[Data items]
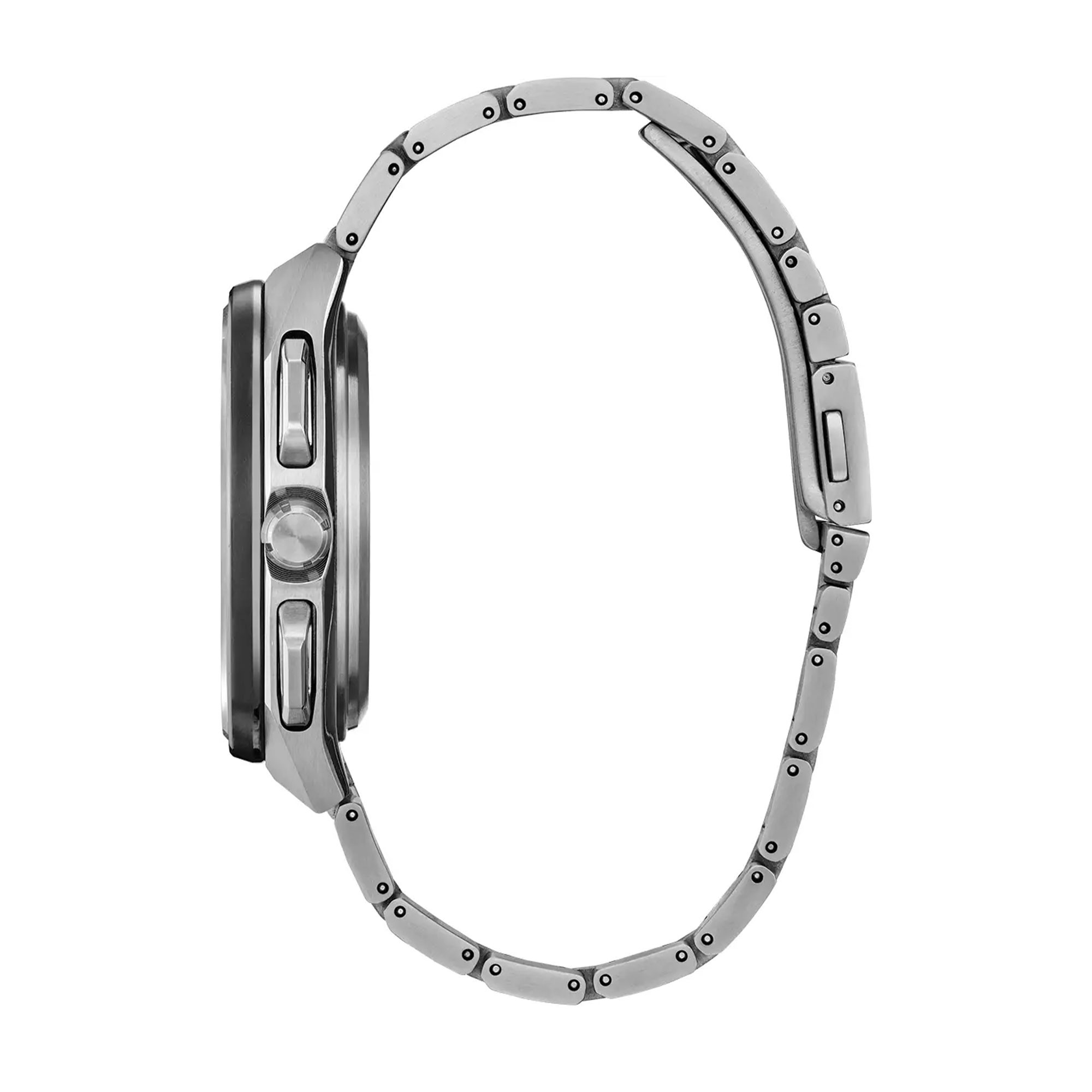Marking ten years since the launch of the original F100 models in 2014, Citizen now introduces the Satellite Wave. Inspired by satellites and the infinite expanse of space, the new watch matches future-cool styles with the world's fastest timekeeping signal reception speed from GPS navigation. A 45mm Super Titanium™ case and bracelet solidify the distinct integrated construction of the timepiece, while a duo of pushers and a conical crown provide a sporty and avant-garde touch. A world time bezel frames the cosmos-inspired dial, with black and applied silver-tone accents adding dimensionality alongside the utility of the watch's feature-packed sub-dial and date window. Advanced features of the Satellite Wave include a satellite GPS timekeeping system with the world's fastest reception speed– as quick as 3 seconds– a world time in 27 cities (40 time zones), daylight savings time indicator, power reserve indicator, light level power indicator, and day/date displays. Water resistant up to 100 metres.
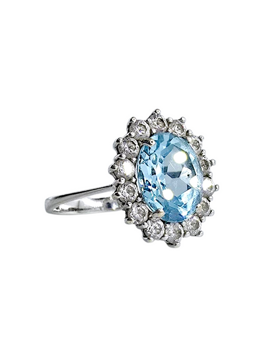 Anello realizzato e rifinito a mano in Italia in oro bianco 18kt e topazio celeste incastonato a 4 griffes e zirconi bianchi.
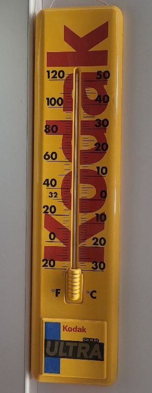 KODAK promotional thermometer for Kodak Gold Ultra film. Made of plastic, single-sided, with a working thermometer, in perfect condition, with no damage or repairs.It measures approximately 100 cm high by 24 cm wide.
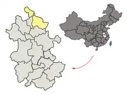 1. "China: Ānhuī (Prefectures, Cities, Districts and Counties) - Population Statistics, Charts and Map". www.citypopulation.de. Retrieved 13 April 2018.
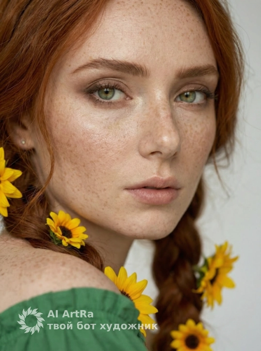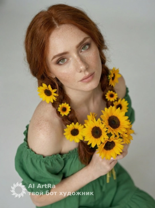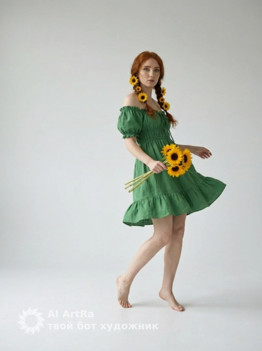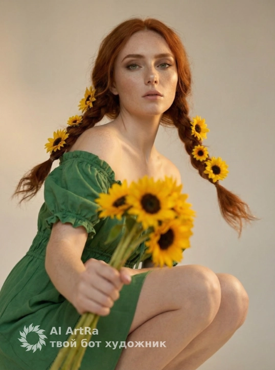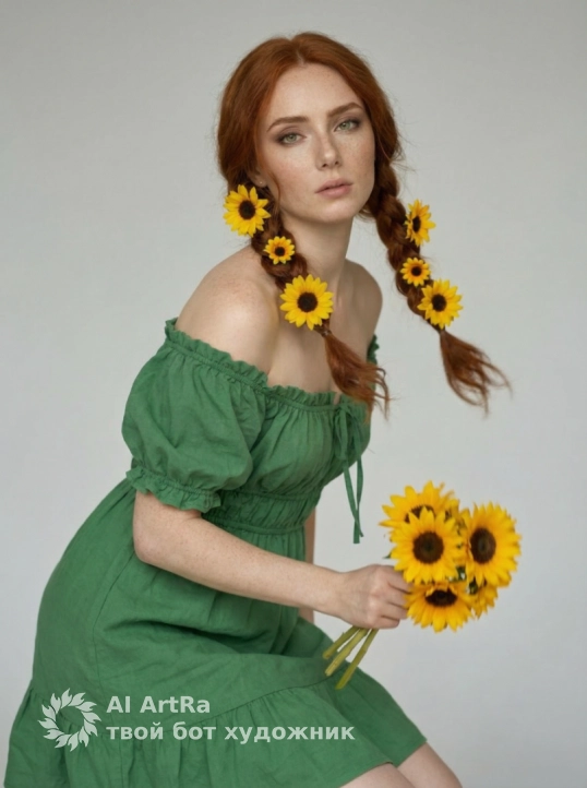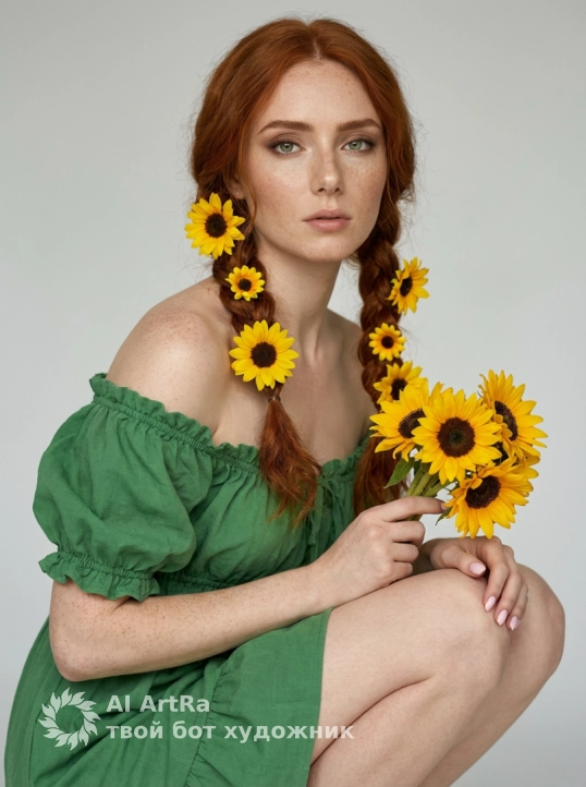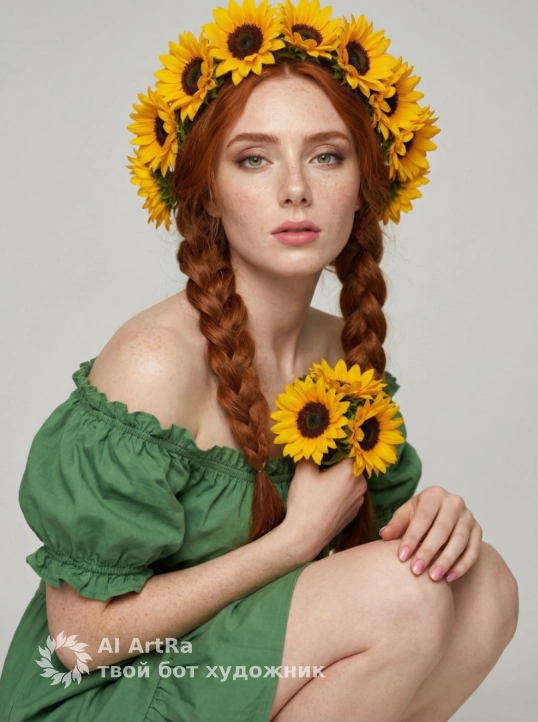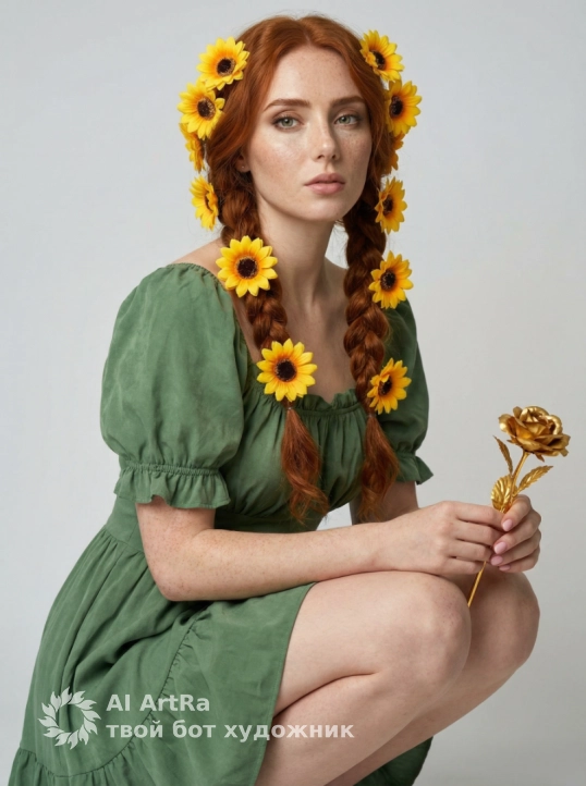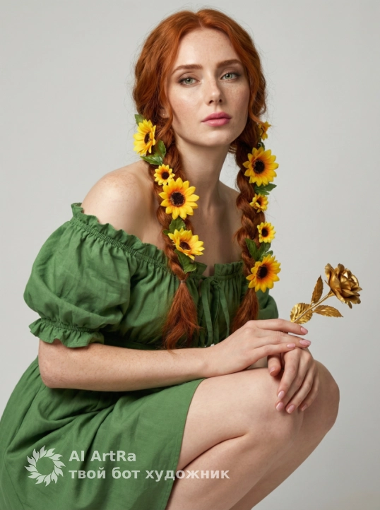 Используйте внешний вид пользователя, референса 1:1 — лицо, кожу, волосы и тело без каких-либо изменений. На голове — венок из ярких желтых солнцецветов, аккуратно вплетенных в две длинные, плотные косы, спадающие по плечам; макияж нежный, с акцентом на розовые губы и подчеркнутыми бровями, взгляд прямой, спокойный и немного задумчивый; на пальцах — короткий, естественный маникюр с розовым оттенком; одежда — зеленое платье с пышными рукавами-фонариками, открытыми плечами и воланами, юбка длиной до середины бедра, ткань мягкая, с легкими складками; в правой руке — маленький букетик подсолнухов, левая рука лежит на колене; поза — сидя на корточках, колени согнуты, корпус слегка наклонен вперед, взгляд направлен прямо в камеру; фон — однотонный светло-серый, студийный, без деталей; освещение мягкое, рассеянное, с легким боковым светом, подчеркивающим объем и текстуру ткани; стиль — гиперреалистичная цифровая фотография с элементами художественной постановки; композиция — центральный план, средний план, объект занимает большую часть кадра, ракурс — на уровне глаз; атмосфера — нежная, мечтательная, с легкой сказочной нотой, эмоции — спокойствие, умиротворение и легкая игривость.
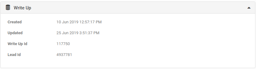 The 'Write Up' section includes basic details about your Write Up Form including;
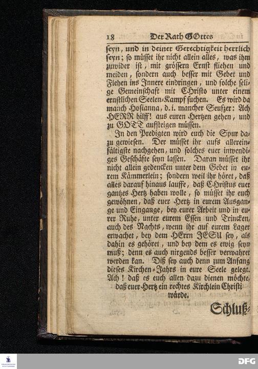 Der Rath GOttes in CHristi Zukunfft zur Tochter Zion / Nach dem Aeussern und Innern betrachtet / Und Aus dem Evangelischen Text Matth.XXI, 1-9. Am Iten Sonntag des Advents In der St.Ulrichs=Kirche in Halle, vorgestellet Von August Hermann Francken / S.Theolog.Prof.& Past.zu S.Ulrich, und des Gymnasii Scholarcha. HALLE, Gedruckt und zu finden im Wäysen=Hause. Anno 1716.

WHAT NEEDS TO BE DONE: This task asks for the data above repeated exactly, without a single picture.

OUTPUT OF THE TASK:
Marking ten years since the launch of the original F100 models in 2014, Citizen now introduces the Satellite Wave. Inspired by satellites and the infinite expanse of space, the new watch matches future-cool styles with the world's fastest timekeeping signal reception speed from GPS navigation. A 45mm Super Titanium™ case and bracelet solidify the distinct integrated construction of the timepiece, while a duo of pushers and a conical crown provide a sporty and avant-garde touch. A world time bezel frames the cosmos-inspired dial, with black and applied silver-tone accents adding dimensionality alongside the utility of the watch's feature-packed sub-dial and date window. Advanced features of the Satellite Wave include a satellite GPS timekeeping system with the world's fastest reception speed– as quick as 3 seconds– a world time in 27 cities (40 time zones), daylight savings time indicator, power reserve indicator, light level power indicator, and day/date displays. Water resistant up to 100 metres.
 Anello realizzato e rifinito a mano in Italia in oro bianco 18kt e topazio celeste incastonato a 4 griffes e zirconi bianchi.
 KODAK promotional thermometer for Kodak Gold Ultra film. Made of plastic, single-sided, with a working thermometer, in perfect condition, with no damage or repairs.It measures approximately 100 cm high by 24 cm wide.
 1. "China: Ānhuī (Prefectures, Cities, Districts and Counties) - Population Statistics, Charts and Map". www.citypopulation.de. Retrieved 13 April 2018.
 Используйте внешний вид пользователя, референса 1:1 — лицо, кожу, волосы и тело без каких-либо изменений. На голове — венок из ярких желтых солнцецветов, аккуратно вплетенных в две длинные, плотные косы, спадающие по плечам; макияж нежный, с акцентом на розовые губы и подчеркнутыми бровями, взгляд прямой, спокойный и немного задумчивый; на пальцах — короткий, естественный маникюр с розовым оттенком; одежда — зеленое платье с пышными рукавами-фонариками, открытыми плечами и воланами, юбка длиной до середины бедра, ткань мягкая, с легкими складками; в правой руке — маленький букетик подсолнухов, левая рука лежит на колене; поза — сидя на корточках, колени согнуты, корпус слегка наклонен вперед, взгляд направлен прямо в камеру; фон — однотонный светло-серый, студийный, без деталей; освещение мягкое, рассеянное, с легким боковым светом, подчеркивающим объем и текстуру ткани; стиль — гиперреалистичная цифровая фотография с элементами художественной постановки; композиция — центральный план, средний план, объект занимает большую часть кадра, ракурс — на уровне глаз; атмосфера — нежная, мечтательная, с легкой сказочной нотой, эмоции — спокойствие, умиротворение и легкая игривость.
 The 'Write Up' section includes basic details about your Write Up Form including;
 Der Rath GOttes in CHristi Zukunfft zur Tochter Zion / Nach dem Aeussern und Innern betrachtet / Und Aus dem Evangelischen Text Matth.XXI, 1-9. Am Iten Sonntag des Advents In der St.Ulrichs=Kirche in Halle, vorgestellet Von August Hermann Francken / S.Theolog.Prof.& Past.zu S.Ulrich, und des Gymnasii Scholarcha. HALLE, Gedruckt und zu finden im Wäysen=Hause. Anno 1716.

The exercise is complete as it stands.